Moon Bear, Who Helps Me Announce a Wee Blog Break

h1 July 27th, 2010 by jules


“Who gulps the fall crops of beechnuts and acorns?
Happy moon bear, gorging on extra food for the winter.”
(Click to enlarge spread.)

Hi, dear readers. I’ve got my work cut out for me this week. I’m coming up on a self-imposed writing deadline, and I’m also preparing for this, a presentation at The University of Tennessee’s Center for Children’s & Young Adult Literature, in which I have one hour to talk about the best picture books thus far of 2010. Can you even try to imagine for one second how I’m having trouble narrowing here, dear people, since I love me my excellent picture books ever so muchly? But I’m having fun, and I think the presentation will be very fun, too. The best part is that I get to hear my former East Tennessee librarian colleagues—who are brilliant and will also be presenting—talk about books for other ages, and I particularly look forward to hearing about YA novels in the afternoon, since I’ve not had as much time for reading those on my own this year. (Good thing I love my picture books, right?)

So, for those reasons, I probably won’t be back here at 7-Imp until Sunday. But I promise to return for some kickin’. In the meantime, I’m leaving you this week with some collage illustrations from the great Ed Young. His latest illustrated title is by Brenda Z. Guiberson, who has been writing and illustrating children’s books for over 15 years. It’s called Moon Bear (Henry Holt, May 2010), a lyrical tribute to the Asiatic black bear, becoming rare in the wild.

This story follows one female moon bear through the seasons (the bears are so named for the white marks on their chests, which look like crescent moons) in the woods, as she wakes from a “long winter snooze,” marks her territory, eats, plays, and snuggles in for another long winter snooze, eventually waking with a surprise for child readers. An author’s note discusses how thousands of these bears spend their lives in cages on bear farms where they are unable to stand or move around. Publishers Weekly notes, “{t}he book’s subtlety—keeping the focus on the bear’s peaceful everyday life, rather than the threats to its existence—is likely to inspire readers’ compassion and concern.” A winner for the youngest of readers.


“Who plucks raspberries and plops red scat in the tangle?
Blissful moon bear, feasting on juicy summer fruit.”
(Click to enlarge spread.)

See you on Sunday, dear folks . . .

* * * * * * *

Illustrations from Moon Bear © 2010 by Brenda Z. Guiberson, illustrations by Ed Young. Used with the permission of Henry Holt Books for Young Readers.





8 comments to “Moon Bear, Who Helps Me Announce a Wee Blog Break”

  1. Based solely on this blog, I feel confident that yes, your presentation will be fun!
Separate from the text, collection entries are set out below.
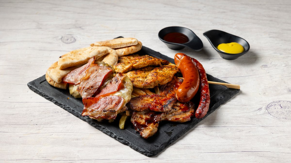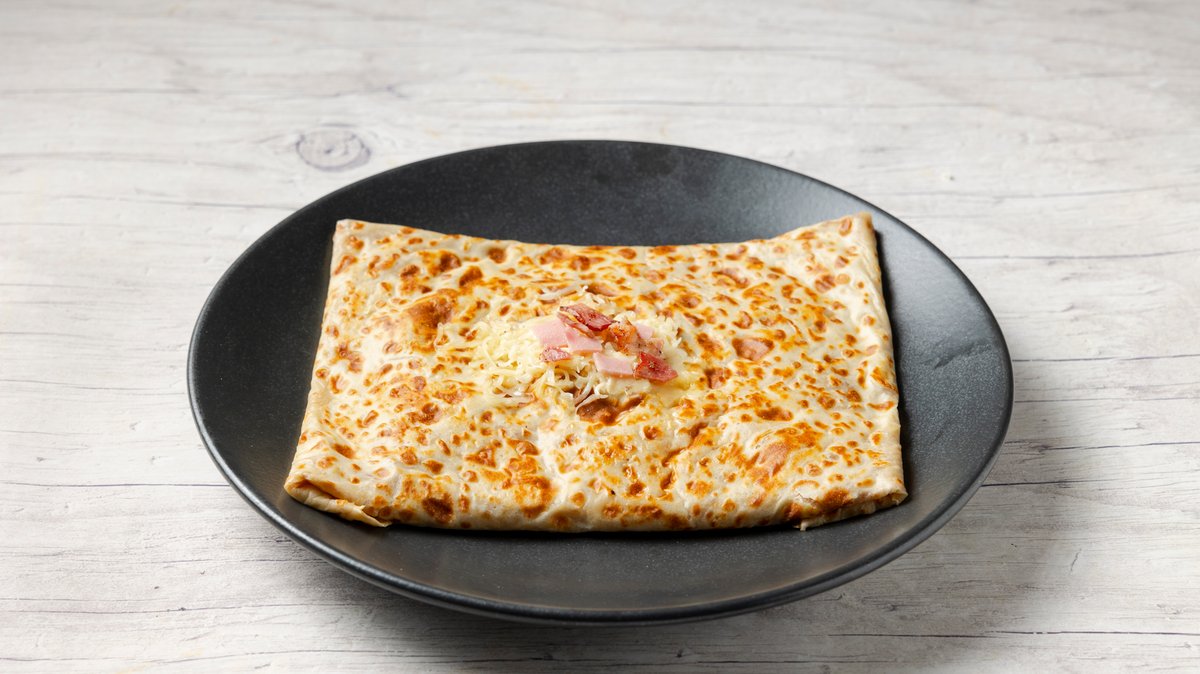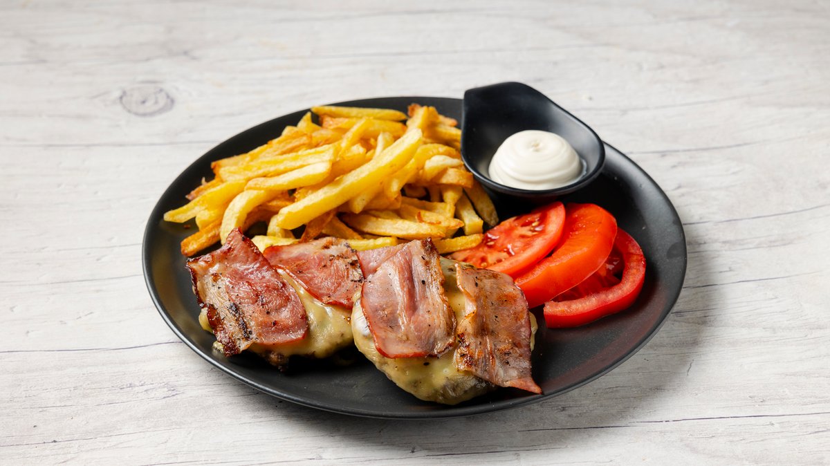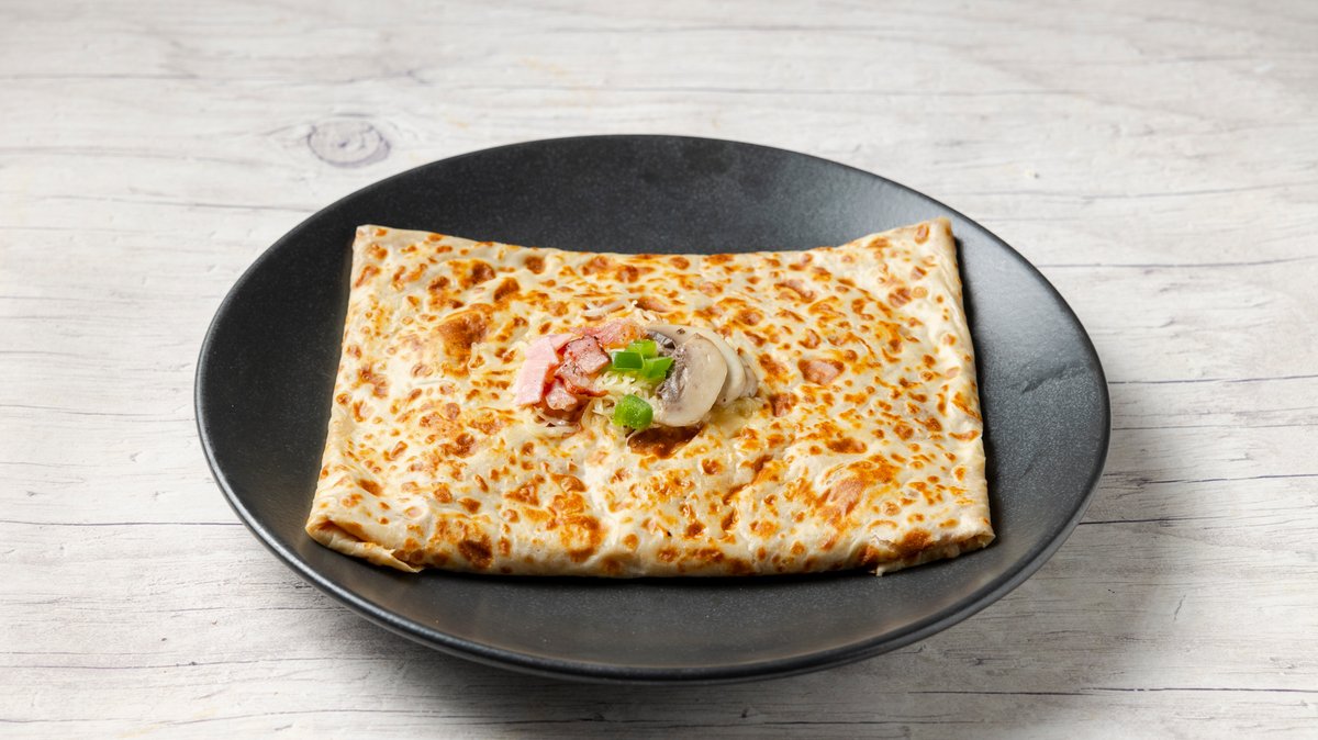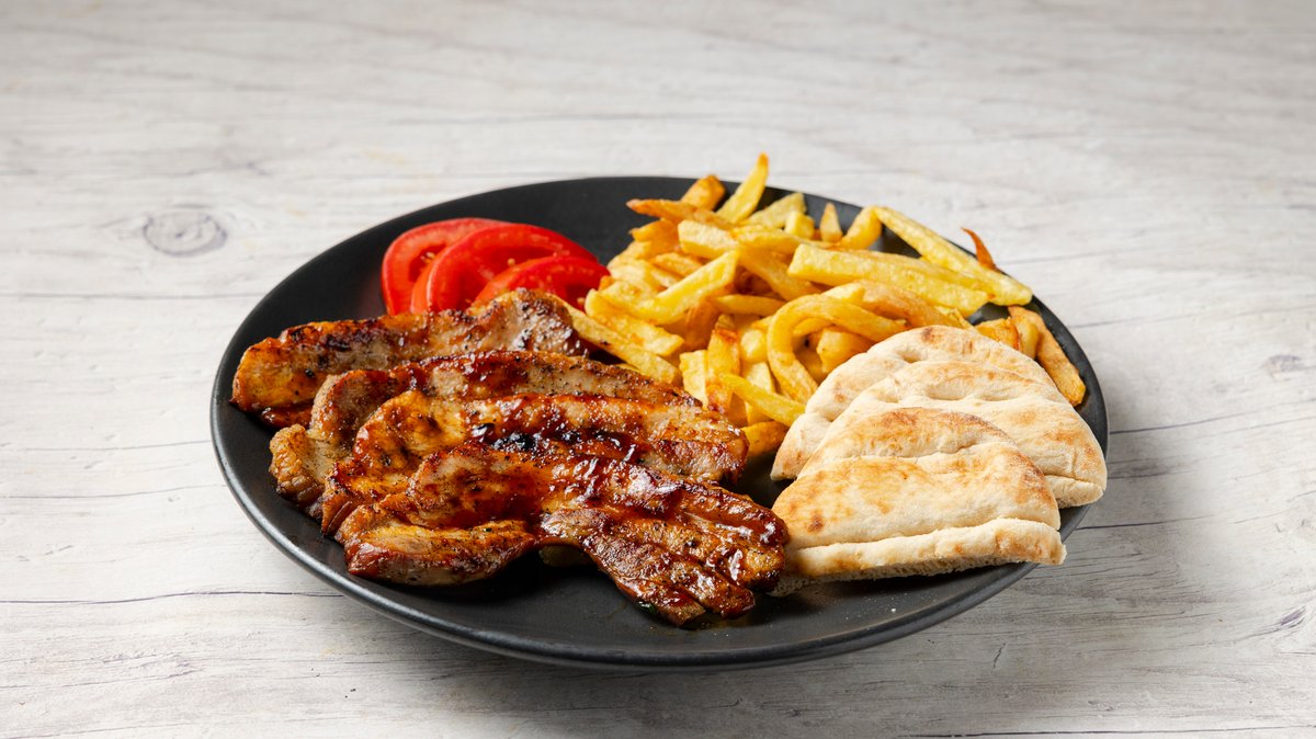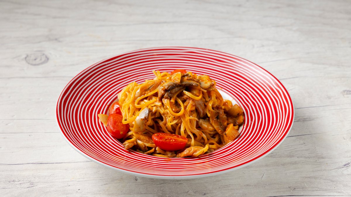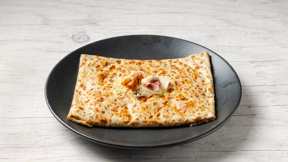 Με χοιρινή ωμοπλάτη, καπνιστή πανσέτα, μανιτάρια, κρεμμύδι, κόκκινη πιπεριά, κρέμα, σάλτσα ντομάτας (συνοδεύεται με τυριέρα)
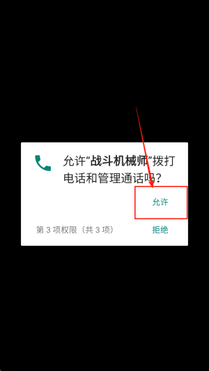 2、在弹出的询问框里,选择“允许”以同意战斗机械师拨打电话。
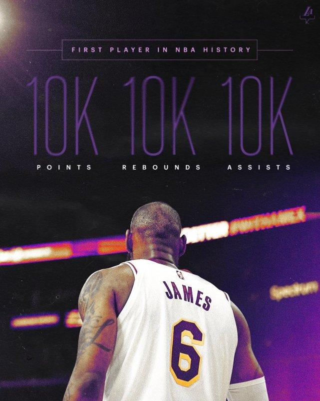来源:JRS直播网03-14 16:09JRS直播网讯 北京时间3月14日,湖人客场对太阳一战的第二节,詹姆斯助攻安东尼得分,这是他本场个人第2次助攻,生涯总助攻数达到10000次,从而完成了一项此前没有人做到过的神迹:30000分+10000篮板+10000助攻。NBA官网调侃这项成就可以称为“职业生涯总三双”。在这个30000+10000+10000的俱乐部里,现在只有詹姆斯一人。这项成就有多牛?NBA官网用数据进行揭秘。
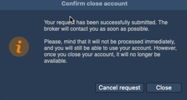 By clicking the “Send request” button the request for closing an account is created and the following screen with ability to cancel a request will appear:
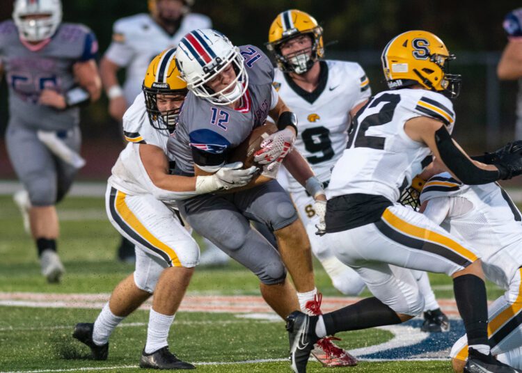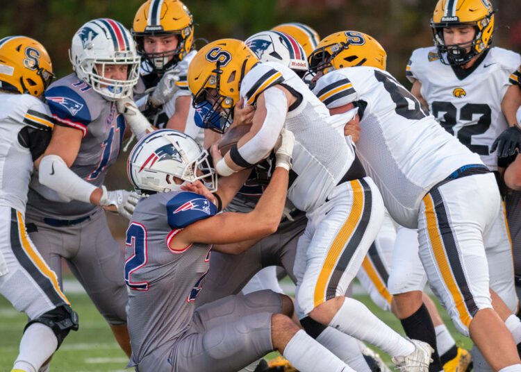 All-state linebacker Landon Riddle made a diving interception at the Independence 6 with just over a minute to go, helping the Patriots stave off a second-half rally from Scott and secure a 30-24 victory Friday evening at Independence.
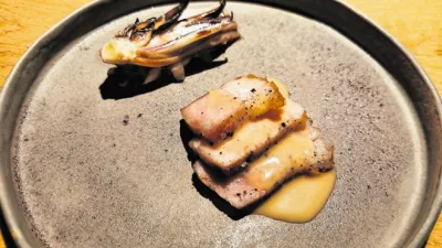 Heapsov štajerski modri pinot je bil medtem bolj tradicionalen spremljevalec naslednjih dveh jedi: najprej kroglic iz hokaido buče s čebulnim čipsom, Orešnikovim reblochonom in oljem figovih listov, nato pa rezin sočne svinjine s popečenim radičem.
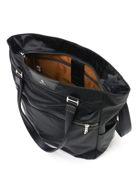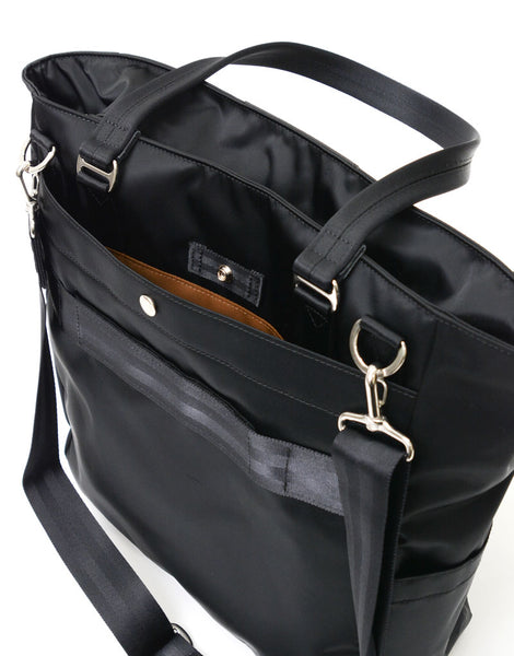 The Progress of master-piece, which is impressive with the elegant expression and cow leather used for combination with glossy nylon twill2WAY Tote Bag. PVC coating is applied to the back of the fabric to achieve waterproofness and firmness.As a business casual, it can be used on and off.
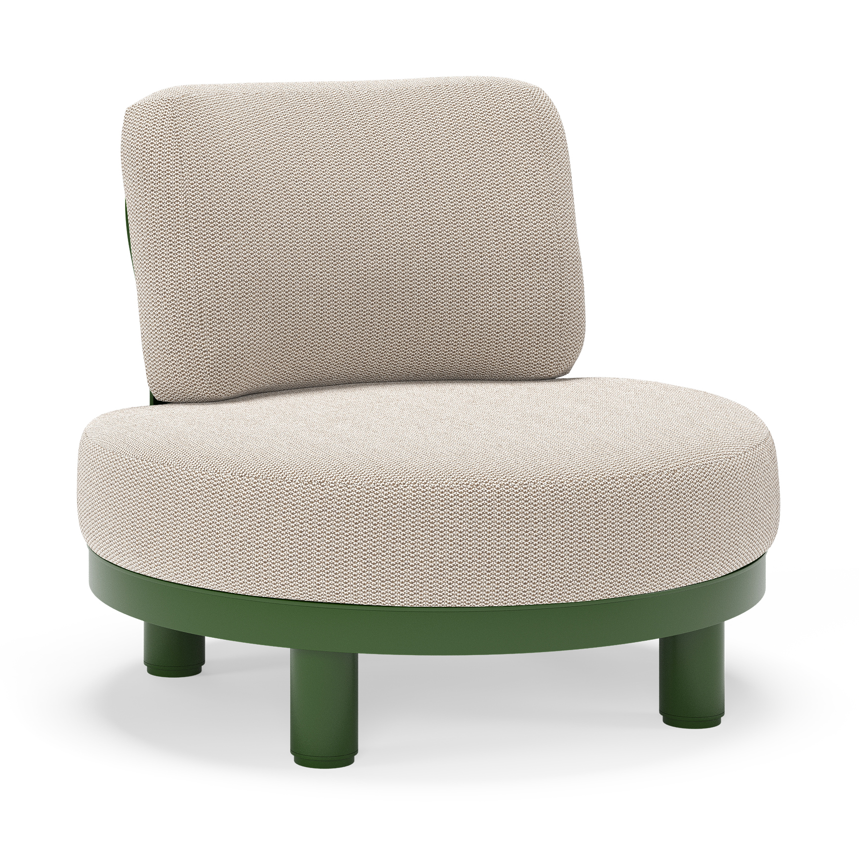 Donato loungestoel in groen aluminium met all weather sunbrella® luxe Lopi Fossil kussen | Exterioo tuinmeubelen

    Alas, I just put an episode up on my site that disqualifies it forever from being “appropriate” for the young. Nevertheless, few things are more important than children’s books.

    Best of luck!


  2. Fabulous cover!!

    Wish I could hear your talk.


  3. Good luck! I’m sure it will be oh so entertaining, and I hope you’ll share the list you narrowed it down, too. Maybe a transcript of your talk?


  4. Argh. Sorry about the lack of grammar in that last post. Maybe I should finish my coffee and breakfast before trying to post thoughts in the morning. Anyhow, good luck!


  5. You will be brilliant! Enjoy!


  6. Thanks, you all. It went well. No transcripts exist. Sorry, Cassy. Maybe next time! (Parts of it were recorded — but not all.)


  7. It’s a little late for a good luck, but I’m glad to hear it went well!